On 2020/8/25 13:24, Sagi Grimberg wrote:
> 
>>>>> Anyways, I think that for now we should place them together.
>>>>
>>>> Then it may hurt non-blocking.
>>>>
>>>> Each hctx has only one run-work, if the hctx is blocked, no other request
>>>> may be queued to hctx any more. That is basically sync run queue, so I
>>>> am not sure good enough perf can be expected on blocking.
>>>
>>> I don't think that you should assume that a blocking driver will block
>>> normally, it will only rarely block (very rarely).
>>
>> If nvme-tcp only blocks rarely, just wondering why not switch to non-blocking
>> which can be done simply with one driver specific wq work? Then nvme-tcp
>> can be aligned with other nvme drivers.
> 
> It used to be this way (and also is that way today in some cases), but
> some latency recent optimizations revealed that sending the request to
> the wire from queue_rq (when some conditions are met) instead of
> incurring a context switch is a win in most cases where latency matters.
> 
> Once we call sendpage from queue_rq, we might_sleep, hence we must be
> blocking. But in practice, sendpage with MSG_DONTWAIT will rarely
> actually sleep.
> 
>>>> So it may not be worth of putting the added .dispatch_counter together
>>>> with .q_usage_counter.
>>>
>>> I happen to think it would. Not sure why you resist so much given how
>>> request_queue is arranged currently.
>>
>> The reason is same with 073196787727("blk-mq: Reduce blk_mq_hw_ctx size").
> 
> percpu_ref probably is a quarter of the size of srcu, not sure anyone
> would have bothered to do that for percpu_ref.
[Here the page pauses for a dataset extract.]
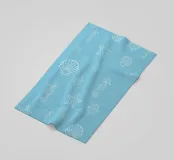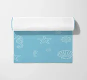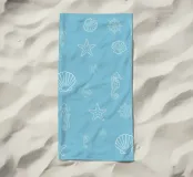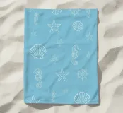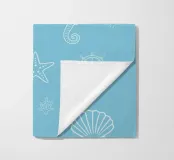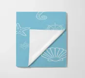 Un motivo ludico di ispirazione marittima che evoca immediatamente l'estate, la costa e l'aria salmastra: illustrazioni di cavallucci marini, stelle marine, ruote di navi, conchiglie e coralli dai contorni bianchi si muovono su uno sfondo azzurro, distribuiti uniformemente e con dimensioni e orientamenti diversi. La composizione sembra un'immersione grafica nei ricordi del Mediterraneo.

You're really
> exaggerating I think...
> 
>> non-blocking is the preferred style for blk-mq driver, so we can just
>> focus on non-blocking wrt. performance improvement as I mentioned blocking
>> has big problem of sync run queue.
>>
>> It may be contradictory for improving both, for example, if the
>> added .dispatch_counter is put with .q_usage_cunter together, it will
>> be fetched to L1 unnecessarily which is definitely not good for
>> non-blocking.
> 
> I'll cease asking you for this, but your resistance is really unclear to me. We can measure what is the penalty/gain later by realigning some
> items.
> 
> Let's stop wasting our time here...
> 
>>>>>>> Also maybe a better name is needed here since it's just
>>>>>>> for blocking hctxs.
>>>>>>>
>>>>>>>> +    wait_queue_head_t    mq_quiesce_wq;
>>>>>>>> +
>>>>>>>>          struct dentry        *debugfs_dir;
>>>>>>>>      #ifdef CONFIG_BLK_DEBUG_FS
>>>>>>>>
>>>>>>>
>>>>>>> What I think is needed here is at a minimum test quiesce/unquiesce loops
>>>>>>> during I/O. code auditing is not enough, there may be driver assumptions
>>>>>>> broken with this change (although I hope there shouldn't be).
>>>>>>
>>>>>> We have elevator switch / updating nr_request stress test, and both relies
>>>>>> on quiesce/unquiesce, and I did run such test with this patch.
>>>>>
>>>>> You have a blktest for this? If not, I strongly suggest that one is
>>>>> added to validate the change also moving forward.
>>>>
>>>> There are lots of blktest tests doing that, such as block/005,
>>>> block/016, block/021, ...
>>>
>>> Good, but I'd also won't want to get this without making sure the async
>>> quiesce works well on large number of namespaces (the reason why this
>>> is proposed in the first place). Not sure who is planning to do that...
>>
>> That can be added when async quiesce is done.
> 
> Chao, are you looking into that? I'd really hate to find out we have an
> issue there post conversion...

Now we config CONFIG_TREE_SRCU, the size of TREE_SRCU is too big. I
really appreciate the work of Ming.

I review the patch, I think the patch may work well now, but do extra
works for exception scenario. Percpu_ref is not disigned for
serialization which read low cost. If we replace SRCU with percpu_ref,
the benefit is save memory for blocking queue, the price is limit future
changes or do more extra works.

I do not think replace SRCU with percpu_ref is a good idea, because it's
hard to predict how much we'll lose.